Any serious solution must begin with reducing costs. That requires state universities to refocus on their core educational missions and legislatures to fund them adequately. Arizona’s Constitution states that instruction at state institutions “shall be as nearly free as possible.” It is not, in part because State funding has fallen from roughly 75% of university budgets in the 1970s to about 40% today, forcing institutions to rely much more heavily on tuition, federal grants, and research contracts to fill the gap.

Universities must forego costly amenities unrelated to education and restrain the impulse to grow for the sake of growth. All prospective university presidents should be asked this interview question: What legacy do you hope to leave? If the answer does not begin with improving educational outcomes and career opportunities for graduates, keep looking.

Administrative growth must be curbed, in part by holding accrediting entities accountable to their original mission: establishing and assessing broad educational standards—not prescriptively micromanaging how those standards must be met. Doing so only increases costs while eliminating the opportunity for educational innovation. The U.S. Department of Education’s role in higher education should be fundamentally reformed or eliminated entirely.
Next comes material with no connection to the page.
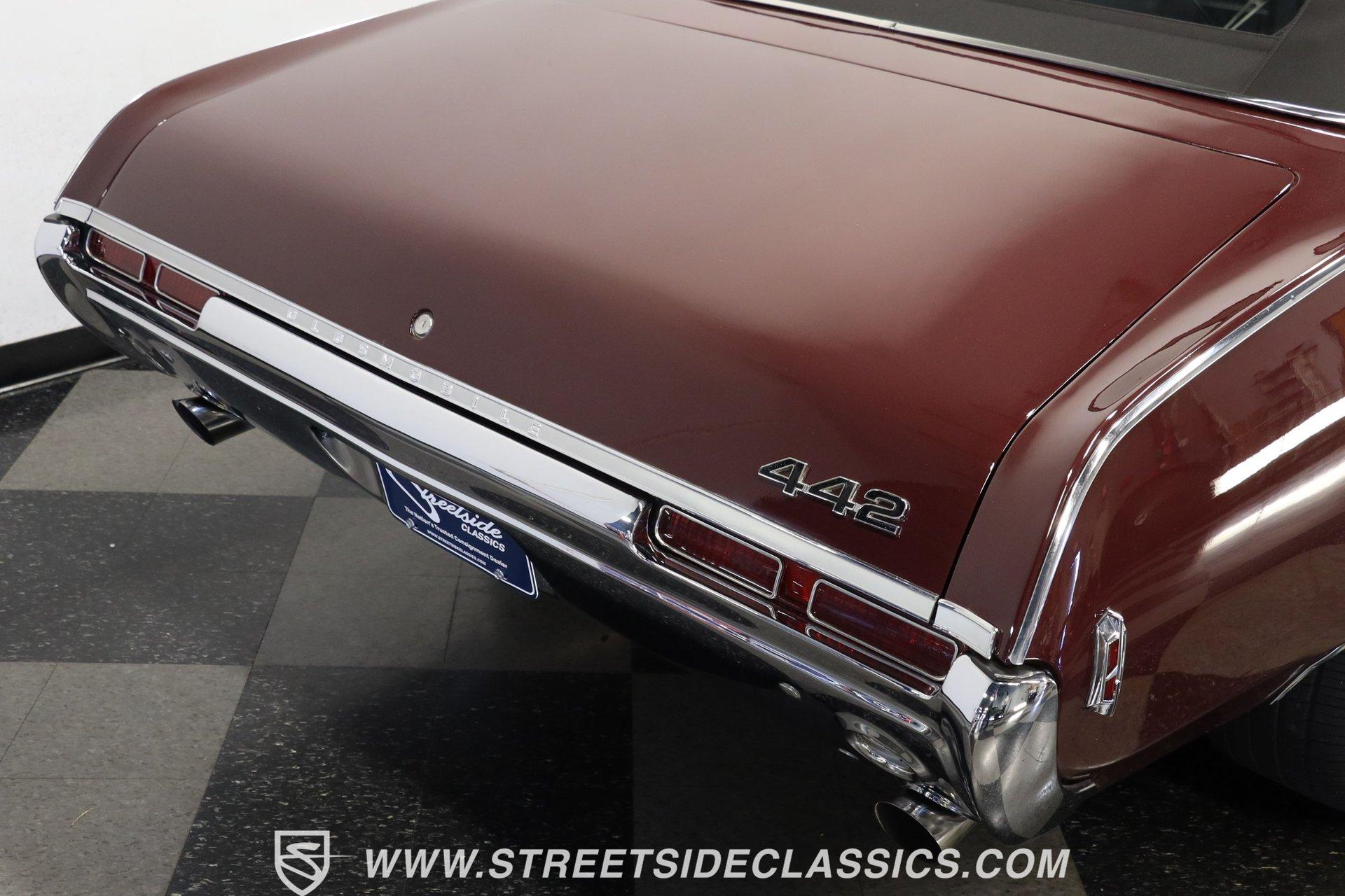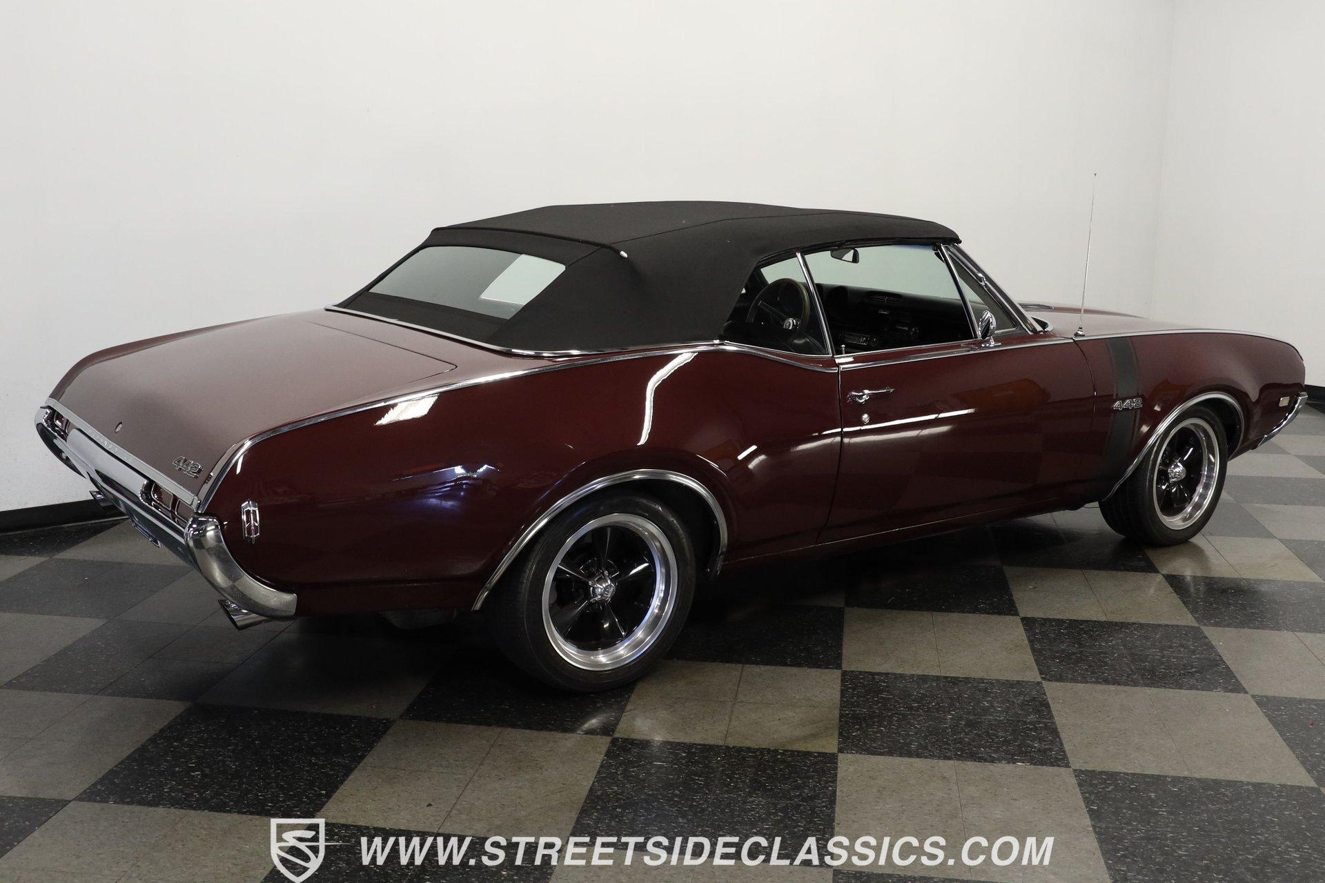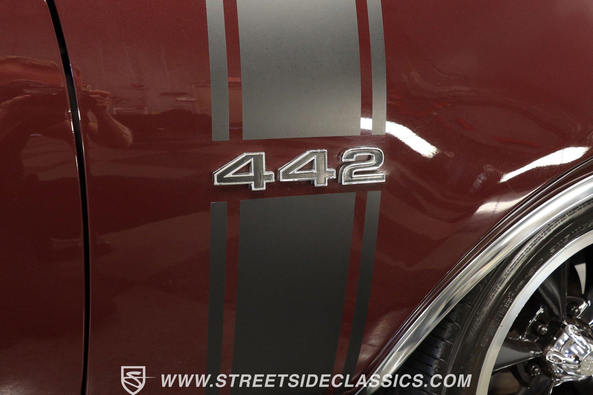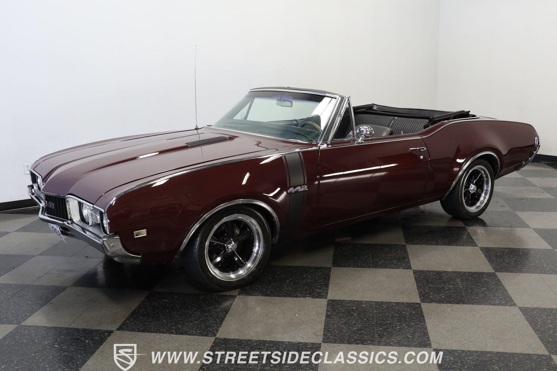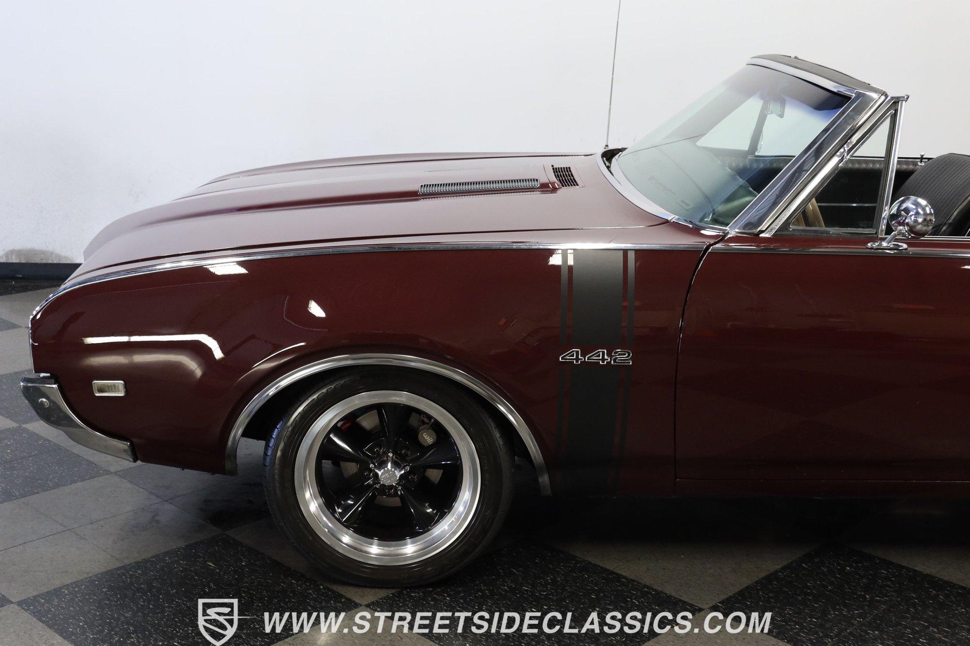 Experience the thrill and timeless appeal of American muscle with this stunning 1968 Oldsmobile 442 convertible, a true restomod masterpiece that blends classic style with modern performance. Imagine cruising with the top down, turning heads with a sharp black cherry paint complemented by subtle matte black stripes, embodying both elegance and attitude. This car is more than just a vehicle; it's a statement of passion and craftsmanship, reflecting three years of meticulous restoration and thoughtful upgrades. If you're ready to own a car that offers iconic design and contemporary drivability, this 1968 Oldsmobile 442 is calling your name. Step inside to find an interior that balances period-correct aesthetics with practical enhancements. The cabin features black vinyl bucket seats with a center console, all in great shape, alongside a wood steering wheel and upgraded Dakota Digital VHX series gauges that add a modern touch while maintaining classic charm. Chrome accents gleam throughout, and the AM/FM radio provides classic tunes as you enjoy the ride. The interior's thoughtful design ensures comfort and style, making every drive a memorable experience. Under the hood, this restomod packs a powerful 5.3L LM7 V8 engine paired with a 4-speed automatic 4L60e transmission, delivering smooth and responsive performance. The upgraded drivetrain features fuel injection, a serpentine belt setup with upgraded pulleys, and a robust aluminum radiator with dual electric fans to keep things cool. Power steering and hydro-boost power brakes with Wilwood master cylinder ensure confident handling and stopping power. The suspension is enhanced with UMI Performance coil-overs and Viking adjustable shocks, while a 9-inch Ford rear end and Hooker headers feeding dual exhaust complete the performance package for an exhilarating drive. Highlights 1968 Oldsmobile 442 Convertible 5.3L LM7 V8 Engine 4-Speed Automatic Transmission Fuel Injection System Power Steering & Hydro-Boost Power Brakes Wilwood Master Cylinder & Brakes Aluminum Radiator with Dual Electric Fans R134a Air Conditioning 4-Wheel Disc Brakes 9-Inch Ford Rear End with 3.70 Gears UMI Performance Suspension Components 17" U.S. Mags Wheels with 2022 ZR-Rated Tires Dakota Digital VHX Series Gauges Black Cherry Paint with Matte Black Stripes Power Convertible Top Financing Available Vehicle Protection Plans Available Worldwide Shipping This 1968 Oldsmobile 442 restomod is a fantastic blend of classic muscle car heritage and modern reliability, making it a compelling choice for enthusiasts and collectors alike. With its well-executed restoration, upgraded mechanicals, and striking appearance, it's ready to provide both thrilling drives and lasting enjoyment. Don't miss your chance to own this exceptional convertible. Call, email, or come visit our showroom today! We can assist you with getting an Extended Vehicle Service Plan from Freedom Warranty, which provides comprehensive coverage that can save thousands of dollars on unexpected repairs. Inquire for more details and pricing!

Tenure should be restored to its intended purpose: protecting faculty who teach or conduct research in politically or socially sensitive or controversial areas. It should also provide a degree of job security to allow faculty to pursue longer-term, higher-risk projects that can yield significant breakthroughs. To discourage abuse, universities should implement periodic post-tenure reviews and be willing to withdraw tenure when warranted. Seniority should be a factor, but not the primary one when layoffs are necessary, as will be increasingly necessary as universities face declining enrollment in the coming years.

Students are not customers, nor are they peers or colleagues of faculty. Classrooms are not democracies, and education is not entertainment. If students knew what they needed to know, they would not be students. Student evaluations should be limited to areas where they can legitimately assess such as interpersonal qualities of the instructor and interest in the material. Actual teaching proficiency should be evaluated by seasoned peers, with expertise in the subject being taught.

Students must arrive on campus better prepared, particularly in math, science, writing and critical reasoning. While it is tempting to blame indolent, screen-addicted students or overindulgent parents, the responsibility rests squarely with secondary education. Middle and high schools must ensure that students who plan to attend college are ready for its demands, and they should be held accountable for doing so. At the same time, parents must uphold their end of the partnership by supporting demanding educators.

Rethinking What “Higher Education” Means

Though my parents lacked college degrees, they revered those who had them and instilled in me the expectation that I would attend college. Until recently, I firmly believed that every young person should go to college. However, I have come to the realization that not everyone needs or will benefit from a college degree. What we call “higher education” is both an inaccurate term and an ill-suited path for many. Our country needs more than just people who know things, we need people who can do things—electricians, plumbers, welders, dental technicians, HVAC specialists, and many more.

As our skilled workforce ages, we need more young people entering trades that offer strong career opportunities without the time, expense or intellectual demands of a university degree. High schools and post-secondary programs should provide robust vocational pathways, and we should encourage students who pursue them without implying their choice is somehow lesser. I do not regret my own academic journey. It was the right choice for me. But the term higher education has become too narrow and subtly pejorative, insinuating that anything outside a college or university is lower. That attitude must change.